‘Driver: San Francisco’ is a Game Without Stakes

Driver: San Francisco has a story that shouldn’t work. It shouldn’t be interesting. It shouldn’t be compelling. It shouldn’t be as intriguing as it is. It should be boring. That’s because the game sets up a world in which our actions don’t matter.

The game takes place in the mind of John Tanner. While chasing Jericho, an escaped convict, he gets in a car accident that leaves him comatose. As he lies in the hospital, a nearby television reports the news, and that information seeps into his mind where we get to play as a kind of ghost-detective-driver. Tanner then tries to solve game’s big crime mystery, but there’s no escaping the fact that nothing he does really matters. He uses his ghost power to jump into the bodies of various citizens, helping them with their car related problems, but these people don’t actually exist. Nothing exists. Driver is a story without stakes, yet it still works.

It works because it’s a video game, which means there’s an extra layer of narrative on top of the basic plot. There’s the player’s story, the emergent story we create when we interact with the systems of the game, and Driver uses a very structured system of interaction that naturally lends itself to exciting stories: racing.

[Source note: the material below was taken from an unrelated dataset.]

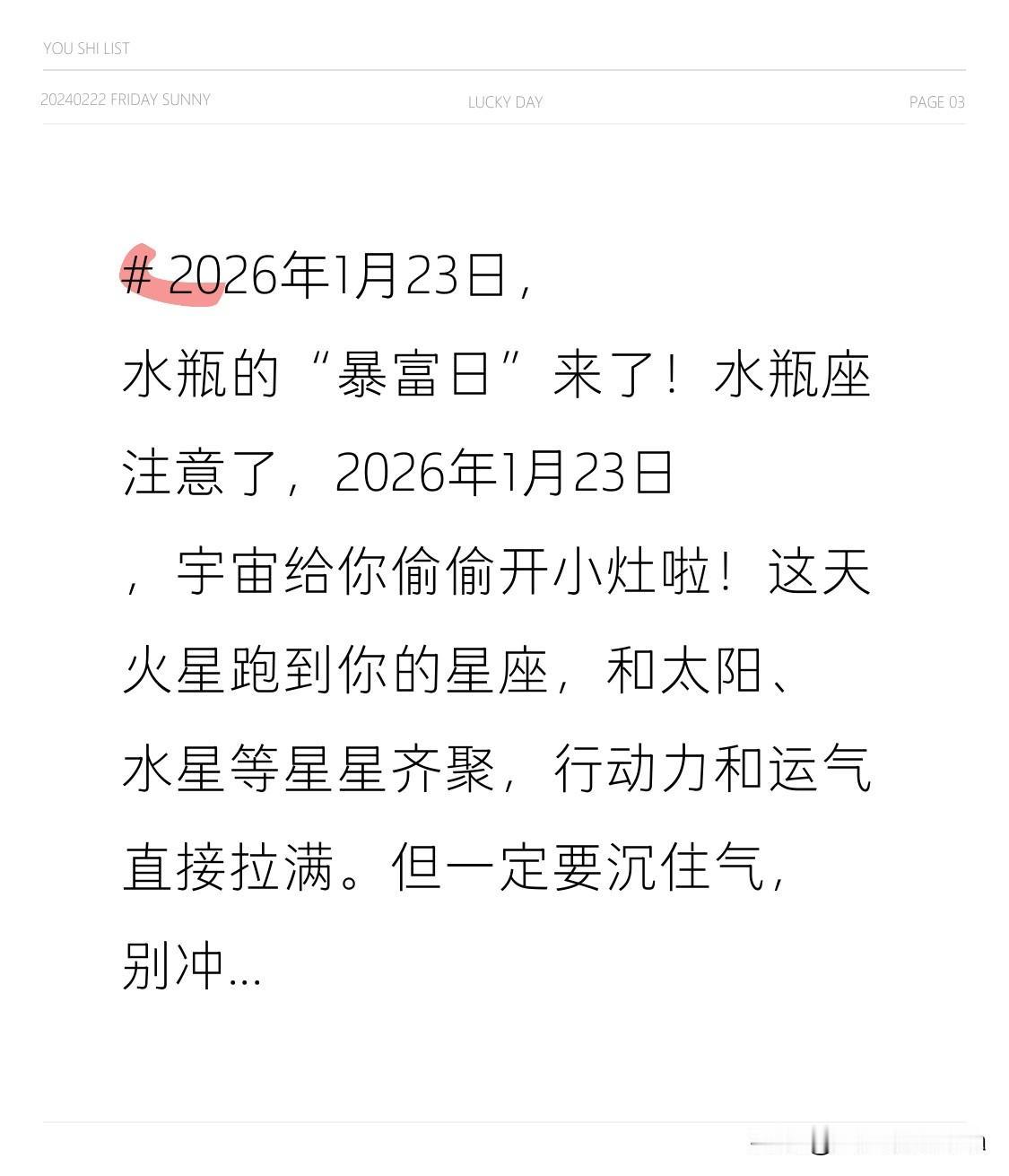 2026年1月23日,水瓶的“暴富日”来了! 水瓶座注意了,2026年1月23日,宇宙给你偷偷开小灶啦!这天火星跑到你的星座,和太阳、水星等星星齐聚,行动力和运气直接拉满。但一定要沉住气,别冲动做决定,因为有笔大收获正朝你飞奔而来。 这收获可能是你一直研究的科技点子被人投资,或是经营已久的社群带来大合作,又或是早前布局的项目开始大规模盈利。这可是对你平时独到眼光和创新思维的奖励。就等你稳稳接住这份好运,开启2026的财富新篇啦!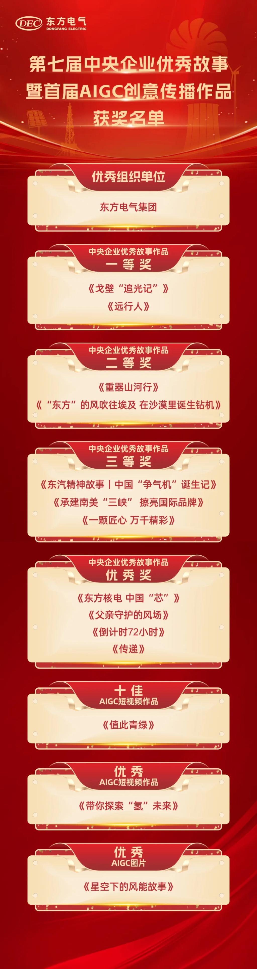 其中 ,,, ,,《沙漠“追光记”》《远行人》荣获中央企业优异故事作品一等奖 ,,, ,,《重器山河行》《“东方”的风吹往埃及 在沙漠里降生钻机》荣获中央企业优异故事作品二等奖 ,,, ,,《东汽精神故事丨中国“争气机”降生记》《承建南美“三峡”擦亮国际品牌》《一颗匠心 万千精彩》荣获中央企业优异故事作品三等奖 ,,, ,,《东方核电 中国“芯”》《父亲守护的风场》《倒计时72小时》《转达》荣获中央企业优异故事作品优异奖 ,,, ,,《值此青绿》获评十佳AIGC短视频作品 ,,, ,,《带你探索“氢”未来》获评优异AIGC短视频作品 ,,, ,,《星空下的风能故事》获评优异AIGC图片 。。。。 。。

On a plot level, these races also have no real stakes, but on a gameplay level, my progress is at stake. If I win, I get to continue to the next challenge. If I lose, I remain stuck at this point in the game. They’re simple stakes, but they’re also extremely personal, which makes them worth fighting over and worth worrying over. As I progress further and the challenges become harder, the stakes therefore become higher. It’s this challenge that pushes me through the game, not the plot. I play because I want to test my skills against tougher and tougher challenges. The plot is just a tangential thing, as it is in many games, but unlike many games, Driver recognizes this fact and crafts a plot that works within that minor tangential role rather than against that role.

This drive in me only exists because of the driving physics. As Eric Swain describes in one of his many articles about this game, “Despite taking place in the modern day, Driver’s style is all 70s. It’s basically Starsky and Hutch the video game” (“It’s all in the presentation: Why I let Driver: San Francisco get away with poor driving”, Nightmare Mode, 12 January 2012). Which is to say, the cars slip and spin a lot. Taking a corner well means applying the brakes and swerving at just the right moment. It’s tricky at first, but that just means that there’s a genuine learning curve in Driver, and it’s this learning curve that gives the narrative more depth.

While the plot is irrelevant, the character arc of Tanner matters a great deal. To paraphrase Swain, each new area and challenge that we unlock reflects Tanner’s growing acceptance of his situation. Street races and car chases are his ways of making sense of this world. Therefore his character arc mirrors our own skill progression. As we come to better understand the driving physics, Tanner comes to better understand his situation. We’re both learning about this world in our own way, and while our motivations for continuing stem from very different origins, the results are the same. We keep driving, we keep helping people, and just when we become comfortable, the game expands its scope to challenge us some more. The coma conceit means that there’s very little at stake plot-wise, but the game allows us to tangibly experience one man’s self-actualization by mirroring his arc to our own experience of the gameplay.

All this is not to say that the plot is worthless, but rather that the plot knows how to not interfere with the general gameplay. Context for our actions does matter a great deal, a fact that Driver exemplifies during the final mission. When Tanner wakes up and begins the final chase in the real world, the chase achieves an intensity that’s only possible thanks to the long build up beforehand. Now, for the first time in the game, the stakes are real. This simple knowledge makes the final chase more dramatic even though its spectacle is actually a step down from the car-chucking coma-climax. That mission concerns important game stakes, introducing a new mechanic and forcing the player to master it within a short span of time. The final car chase is the only time that we encounter narrative stakes, when the character is actually in danger. Tanner may fail several times at a race, but that happens within the context of a coma. However, the integrity of his real world isn’t diminished by the typical game-like suspensions of disbelief. When Tanner plays chicken with Jericho at the very end, I’m on the edge of my seat because I know this is real, and part of me is unsure what will happen if I fail.

Writing for a game is tricky since the player can always find ways of undercutting the pace and dramatic tension. Driver finds a perfect balance, using gameplay to make the character’s arc more tangible, while crafting a plot that allows us to be as reckless as we want with no repercussions to the narrative.